Abstract

Abstract: This article examines the implications of a textual variant found in two Italian witnesses of Richard de Fournival's Bestiaire d'amour that transforms the section on bees and song into one about birds and song. These witnesses are not entirely unique, as the bees are eliminated from nearly half of the surviving manuscripts of the Bestiaire in clearly intentional ways. The high concentration of variants to the bee section in this manuscript tradition destabilizes any authority that might be attributed to the dominant bee text and highlights a tension between Richard's claims about bees and the views of his readers. The specific textual features of the two Italian manuscripts on which I focus, Morgan Library, M. 459 and Biblioteca Medicea Laurenziana, Plutei, LXXVI. 7n, make plain the ways in which bees were not an intuitive example in a discussion of song.

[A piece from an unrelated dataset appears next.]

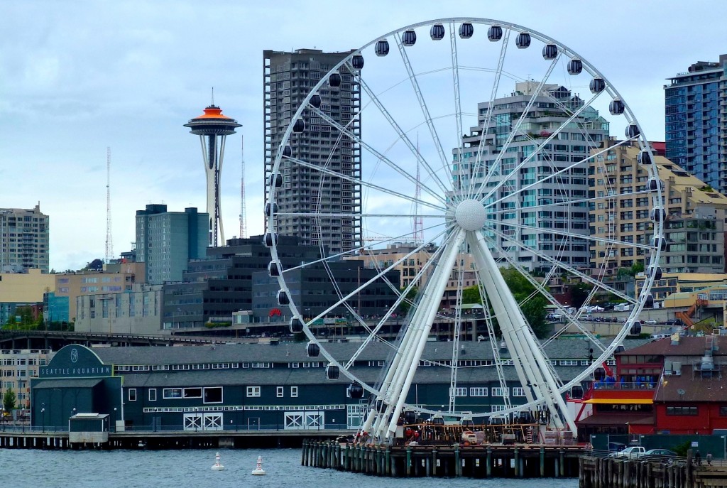 Today, the Seattle Great Wheel extends nearly 40 feet beyond the pier’s end over Elliott Bay. It can hold more than 300 passengers at a time in its 42 enclosed gondolas. And at 175 feet tall, the Seattle Great Wheel is the largest observation wheel on the West Coast.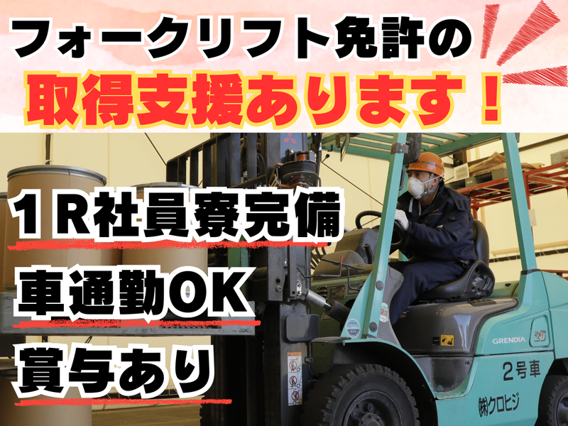 仕事内容 ✅安定の正社員雇用 ✅書類選考なし ✅賞与年2回あり ✅基本的に力作業ナシ ✅職場から徒歩5分の寮完備 \30代〜50代の男性活躍中!/ ================= 3~4人のチームでのお仕事 見守りや入力作業などがメイン ================= プラスチック製品を扱う工場での勤務です。 自動包装機がメインで動いており、 作業はサポート的なポジション。 ▼具体的には… ・機械が正常に動いているかチェック(モニター確認) ・データ入力(フォーマットに沿って数値などを入力) ・出来上がった製品の目視チェック ・清掃や簡単なメンテナンス作業 ※重いものを運ぶような力作業は、基本ありません。 製品の銘柄が切り替わるタイミングでは、 機械を一度止めて、目視検査や 清掃などの対応をお願いします。 作業内容は決まっているため、 未経験の方でもすぐに慣れます。 ✨スキルもキャリアも、クロヒジでつくる  ̄ ̄ ̄ ̄ ̄ ̄ ̄ ̄ ̄ ̄ ̄ ̄ ̄ ̄ ̄ ̄ ̄ ̄ ̄ ̄ ■フォークリフト免許の取得支援あり◎ ■資格取得は会社が全面バックアップ! ■年2回の賞与(7月・12月) また、適性やスキル、希望に応じて 将来的に他部署へチャレンジする道もあります。 社員一人ひとりが活躍できる場を、 一緒に考えていく会社です。 ✨協力しながら、ちゃんと休める  ̄ ̄ ̄ ̄ ̄ ̄ ̄ ̄ ̄ ̄ ̄ ̄ ̄ ̄ ̄ ̄ シフトは毎月、メンバー同士で話し合って決定◎ 無理に押しつけることはなく、 「ここ連休とれるけど、どうする?」 「今度ここ休みにしたいです」など ちゃんと相談し合える環境です。 ✨配属先について  ̄ ̄ ̄ ̄ ̄ ̄ ̄ ̄ ̄ ̄ ̄ ̄ ̄ ̄ ・3~4人でのチームで行う仕事 ・30~50代の男性活躍中の職場 ・完全日勤シフト ・喫煙室完備 「シンプルな作業で覚えやすい」 「正社員として働き続けられる」 と製造未経験の方も始めやすい環境です。 まずはお気軽にお問い合わせください♪

Despite ample textual clues that the passage is about bees, as found in the most-used version of the text, the creators of these Italian witnesses assumed it had to be about birds because birds sing and bees do not. The variations found in these manuscripts also make an explicit interpretation of the text, clearing up an ambiguity regarding the application of the bees to the lover's situation. These variations make it plain that the bees-turned-birds represent the lover who is drawn in by his lady's song. Rather than representing scribal errors or corruptions, these variants give insights into the life of the text, illustrating how it was received, understood, and transmitted over time.